[Start of Attachment]
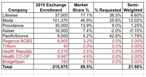 Hayes goes on to list the rough or exact enrollment numbers for all 10 companies, allowing me to whip up the following table, which gives a rough idea of the weighted average rate increases requested by the Oregon insurers:
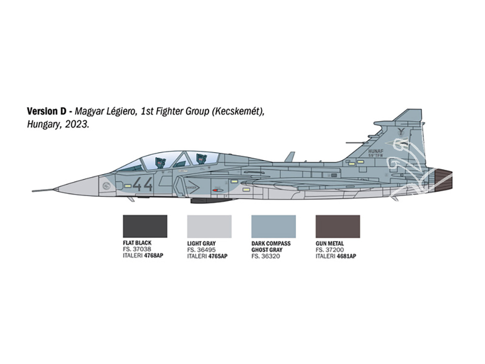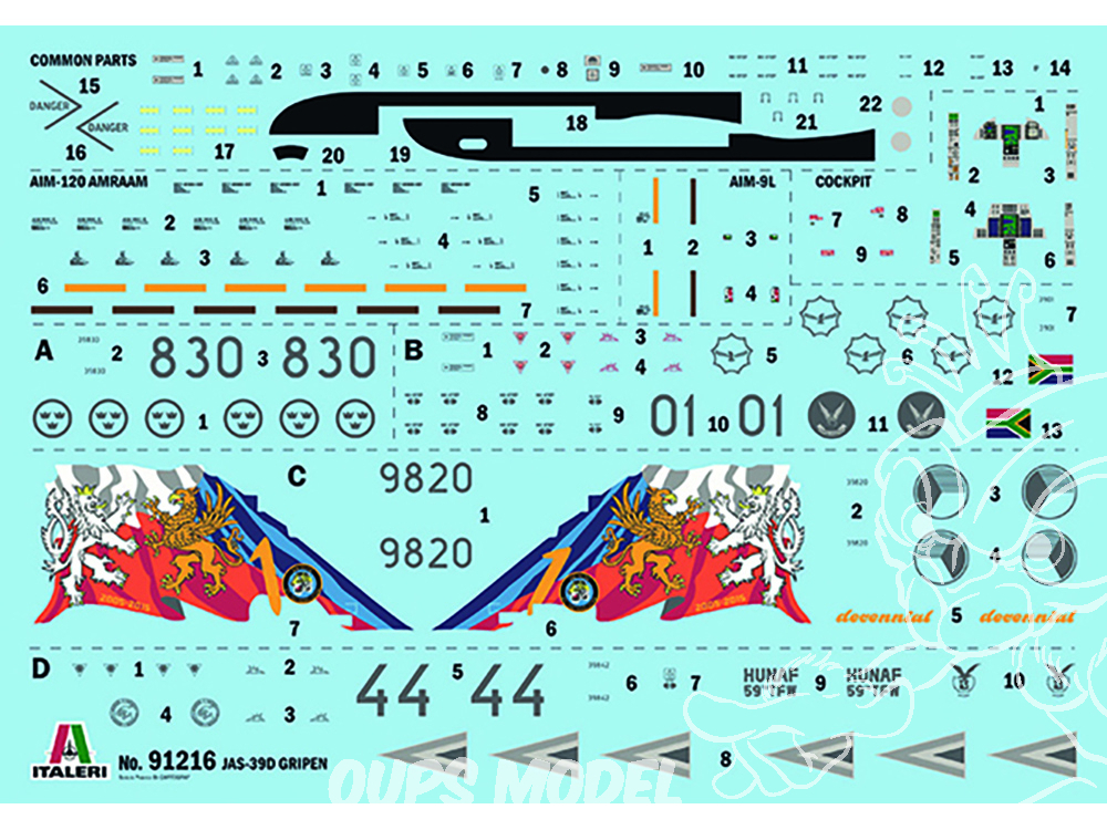 JACQUES D. le 10/09/2025Italeri nous propose son ancienne maquette du Gripen. Le modèle est simple et avare de détails , les montants de la grande verrière du cockpit manquent de netteté. Une belle planche de décals avec des cocardes suédoises, tchèques, hongroises et sud africaines vient agrémenter la maquette.
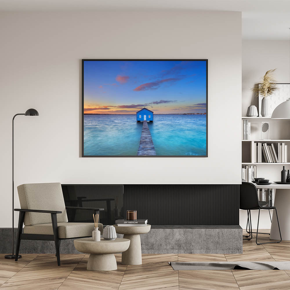 - High-quality Scenic Perth Artwork showcasing the iconic Blue Boat House at sunset
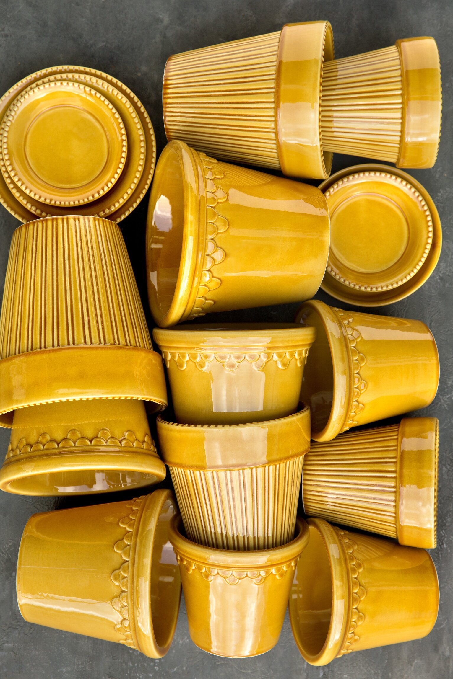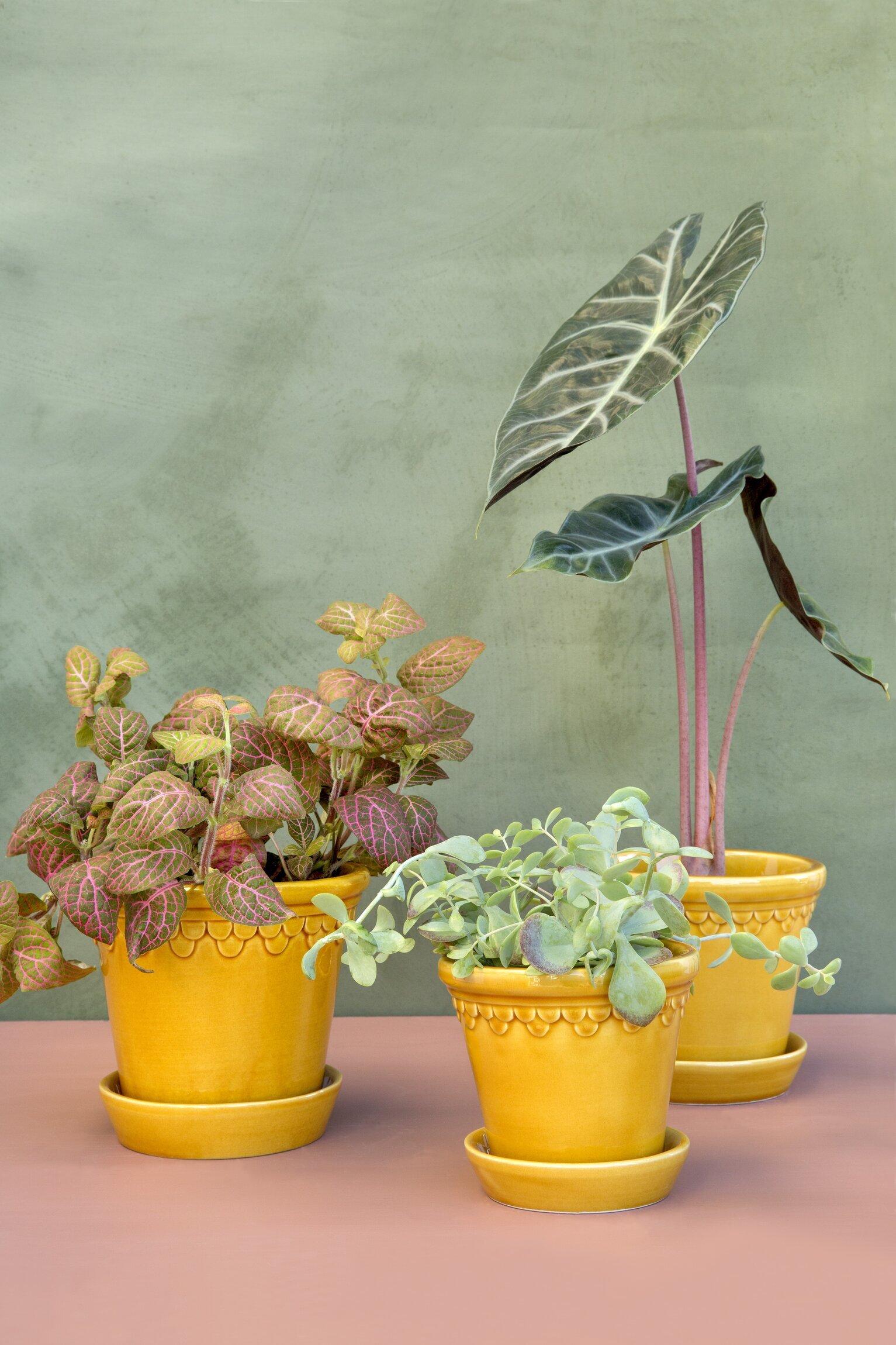 Ljuvlig glaserad lerkruka från Bergs Potter, tillverkad för hand i Toscana, Italien. Finns i flera olika färger & storlekar. Blomkrukan har hål i botten för att dränera bort överflödigt vatten, fat medföljer krukan.
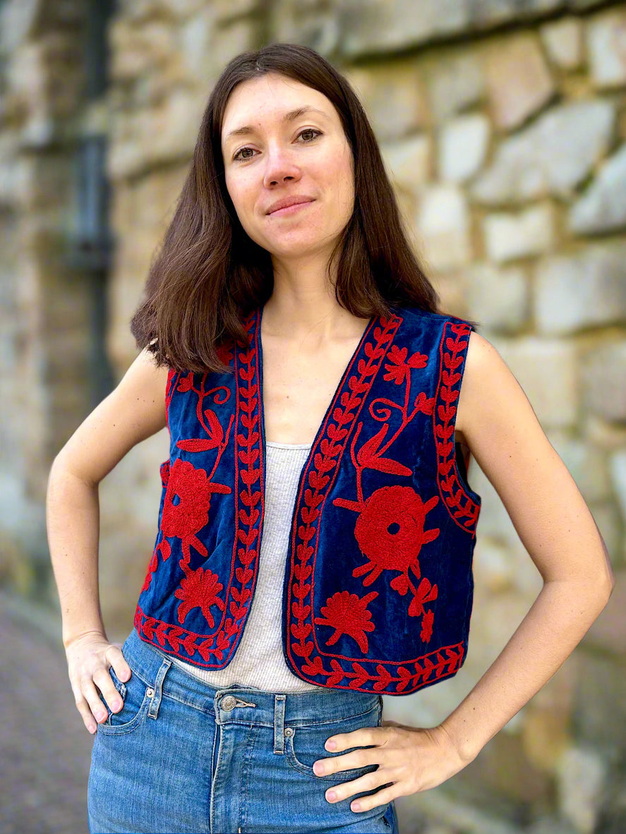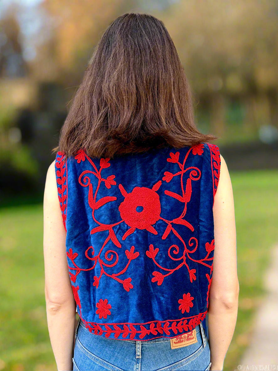 This lovely Velvet fabric is handcrafted by artisans in villages of developing countries. We love to support artisans and their beautiful crafts so they can continue making these special designs. This beautiful fabric is then designed and hand stitched into a Jacket that compliments its speciality and uniqueness.
[End of Attachment]
Exclude all images and restate the records above word for word.

§ **EXERCISE ANSWER**:
 Hayes goes on to list the rough or exact enrollment numbers for all 10 companies, allowing me to whip up the following table, which gives a rough idea of the weighted average rate increases requested by the Oregon insurers:
 JACQUES D. le 10/09/2025Italeri nous propose son ancienne maquette du Gripen. Le modèle est simple et avare de détails , les montants de la grande verrière du cockpit manquent de netteté. Une belle planche de décals avec des cocardes suédoises, tchèques, hongroises et sud africaines vient agrémenter la maquette.
 - High-quality Scenic Perth Artwork showcasing the iconic Blue Boat House at sunset
 Ljuvlig glaserad lerkruka från Bergs Potter, tillverkad för hand i Toscana, Italien. Finns i flera olika färger & storlekar. Blomkrukan har hål i botten för att dränera bort överflödigt vatten, fat medföljer krukan.
 This lovely Velvet fabric is handcrafted by artisans in villages of developing countries. We love to support artisans and their beautiful crafts so they can continue making these special designs. This beautiful fabric is then designed and hand stitched into a Jacket that compliments its speciality and uniqueness.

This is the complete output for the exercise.